_Given data_

--

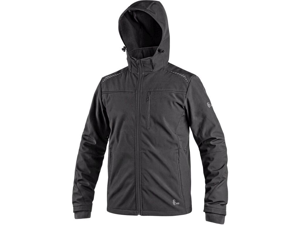 Pánská softshellová bunda s odepínací kapucí, odolná proti vodě a větru, zapínaní na zip, větrání v podpaží, náprsní kapsa na zip, boční kapsy na zip, vnitřní manžety v rukávech, stahování v dolním okraji, reflexní doplňky, TPU membrána. Odolnost materiálu proti průniku vody 8 000 mm mimo oblast švů, paropropustnost 3 000 g/m2/24h.
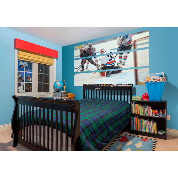 A csapatok 2 kapusból és 18 mezőnyjátékosokból állnak, egyszerre a pályán ebből 1 kapus és 5 mezőnyjátékos tartózkodik. A jégkorong igen intenzív, így a játékosok általában 45 másodpercenként váltják egymást. 3 részes, falmatrica, 200x130 cm-es.
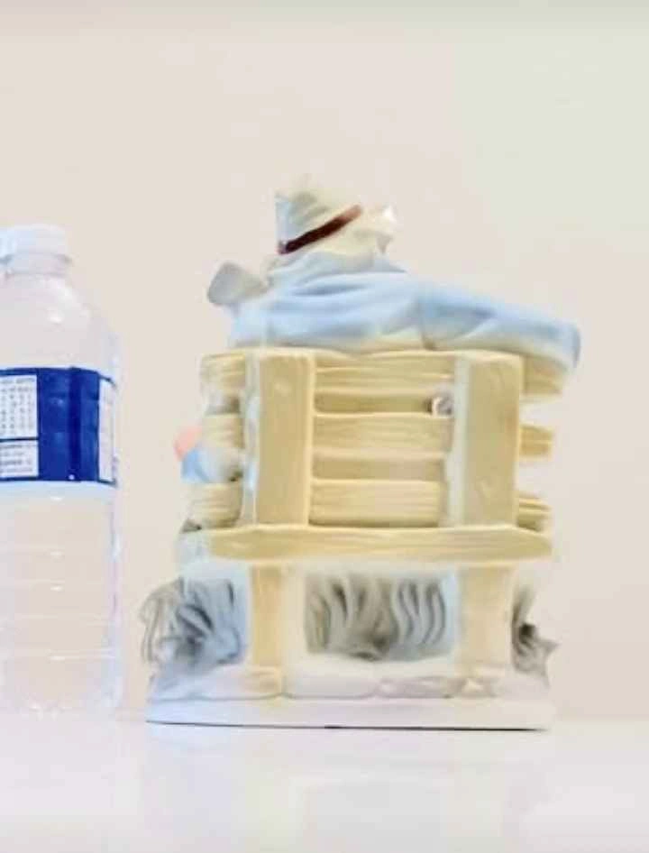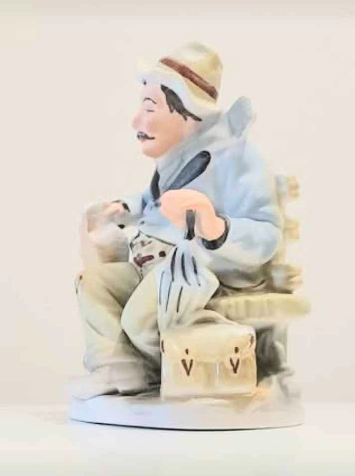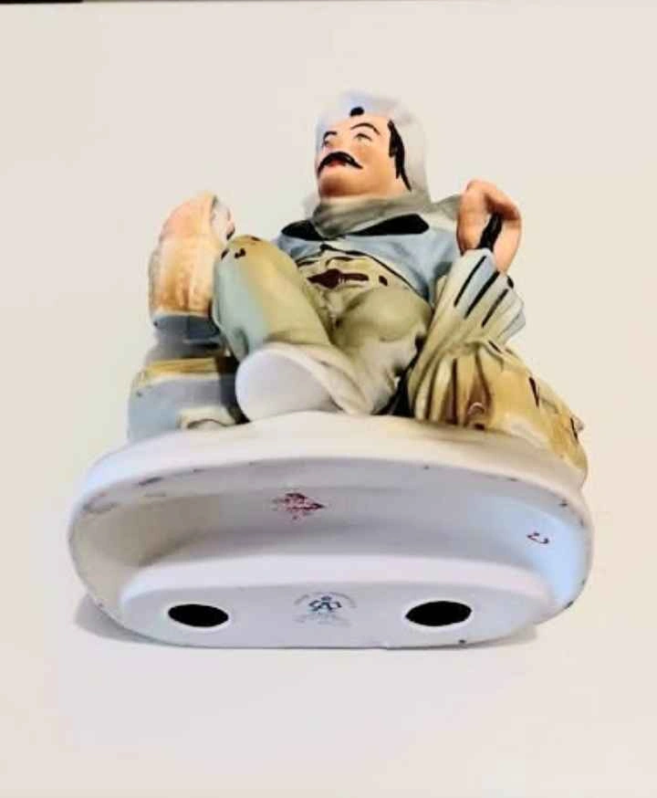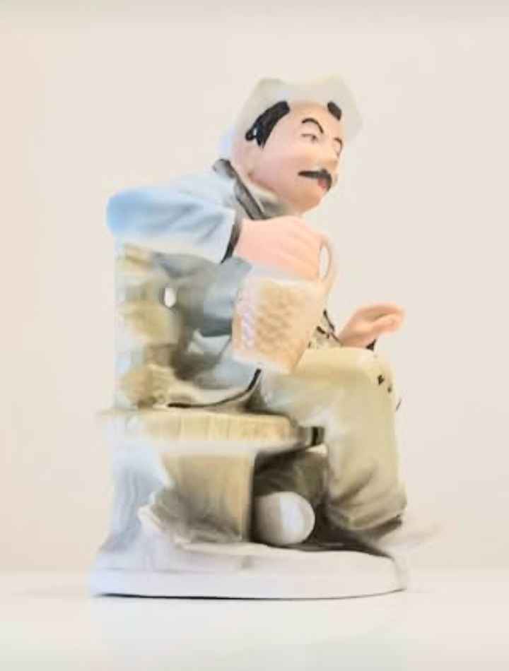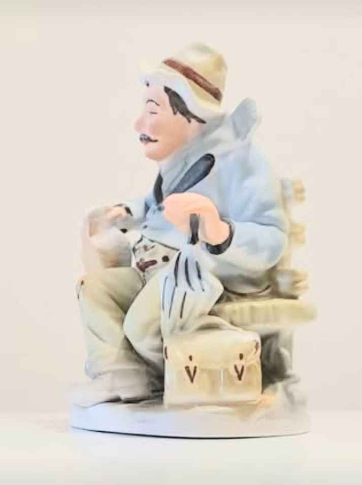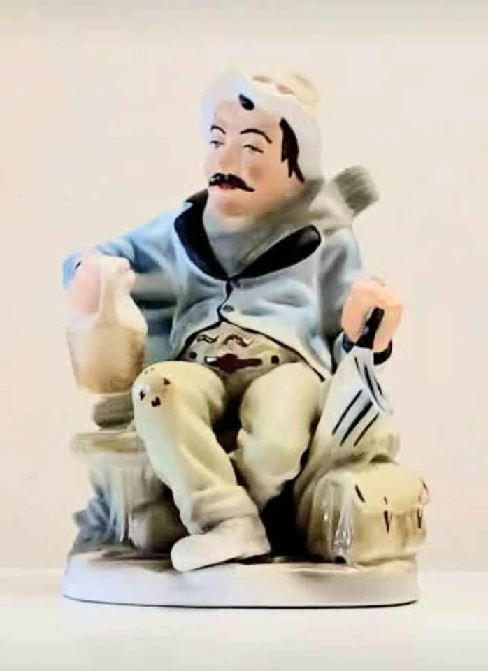 The figurine shows a man with a mustache, wearing a hat and a light blue jacket, sitting on a bench. He is holding a jug in one hand and a satchel or bag in the other.
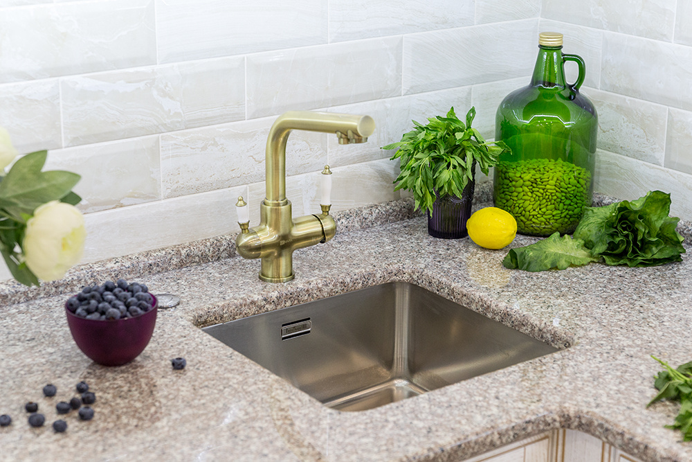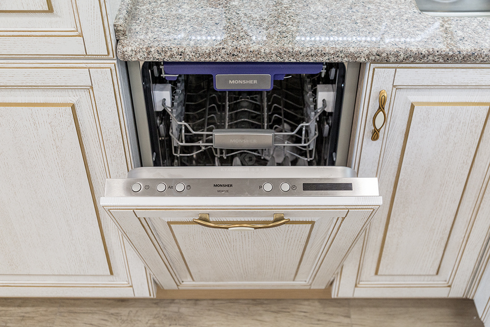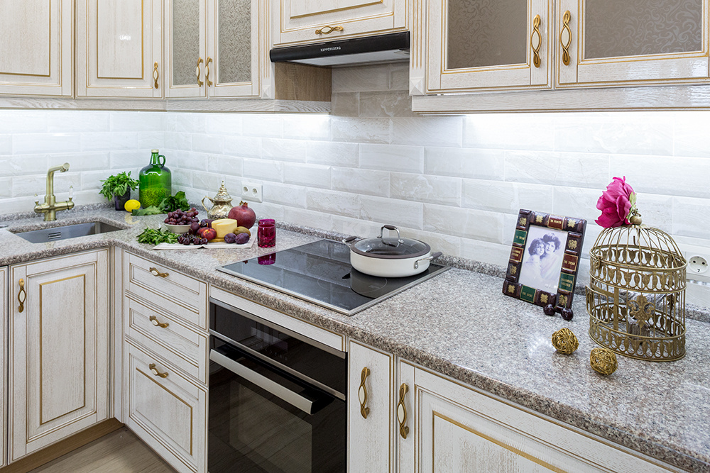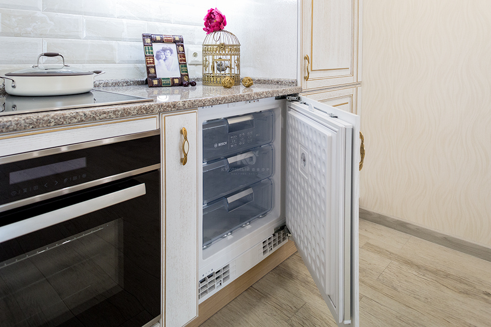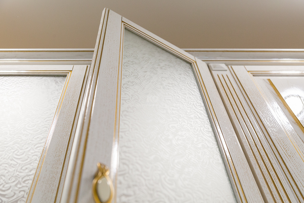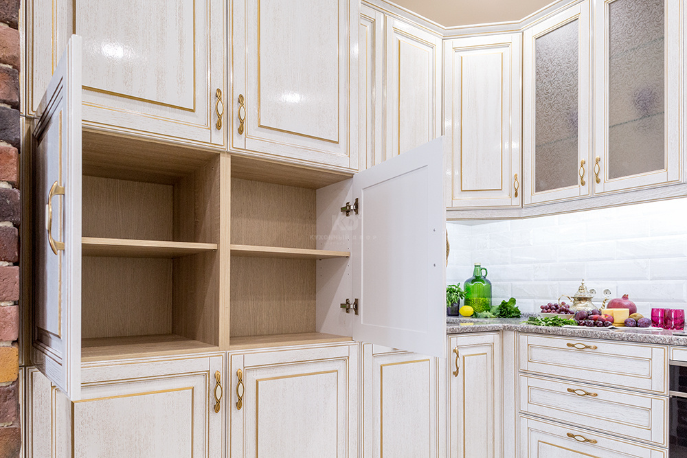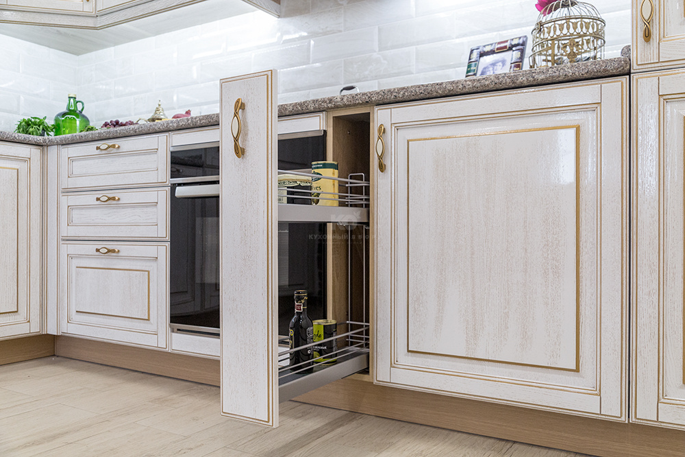 Наши клиенты талантливы во всем: успешный медицинский работник легко перевоплощается в дизайнера, создавая неповторимый интерьер новой квартиры. Достойным украшением новой кухни стал гарнитур «Виконт», который вошел в десятку бестселлеров бренда «Кухонный Двор». Роскошная, величественная, удобная угловая кухня «Виконт» гармонично смотрится в просторном светлом помещении, дополняя его. Фасады гарнитура выполнены из массива бука, тонированы в белый цвет с золотой патиной. Дополняют образ резные архитектурные элементы, пилястры и стилизованные под золотой век ручки.

--

_The task_
Write all the lines above out again exactly, minus the images.

_Reply_
 Pánská softshellová bunda s odepínací kapucí, odolná proti vodě a větru, zapínaní na zip, větrání v podpaží, náprsní kapsa na zip, boční kapsy na zip, vnitřní manžety v rukávech, stahování v dolním okraji, reflexní doplňky, TPU membrána. Odolnost materiálu proti průniku vody 8 000 mm mimo oblast švů, paropropustnost 3 000 g/m2/24h.
 A csapatok 2 kapusból és 18 mezőnyjátékosokból állnak, egyszerre a pályán ebből 1 kapus és 5 mezőnyjátékos tartózkodik. A jégkorong igen intenzív, így a játékosok általában 45 másodpercenként váltják egymást. 3 részes, falmatrica, 200x130 cm-es.
 The figurine shows a man with a mustache, wearing a hat and a light blue jacket, sitting on a bench. He is holding a jug in one hand and a satchel or bag in the other.
 Наши клиенты талантливы во всем: успешный медицинский работник легко перевоплощается в дизайнера, создавая неповторимый интерьер новой квартиры. Достойным украшением новой кухни стал гарнитур «Виконт», который вошел в десятку бестселлеров бренда «Кухонный Двор». Роскошная, величественная, удобная угловая кухня «Виконт» гармонично смотрится в просторном светлом помещении, дополняя его. Фасады гарнитура выполнены из массива бука, тонированы в белый цвет с золотой патиной. Дополняют образ резные архитектурные элементы, пилястры и стилизованные под золотой век ручки.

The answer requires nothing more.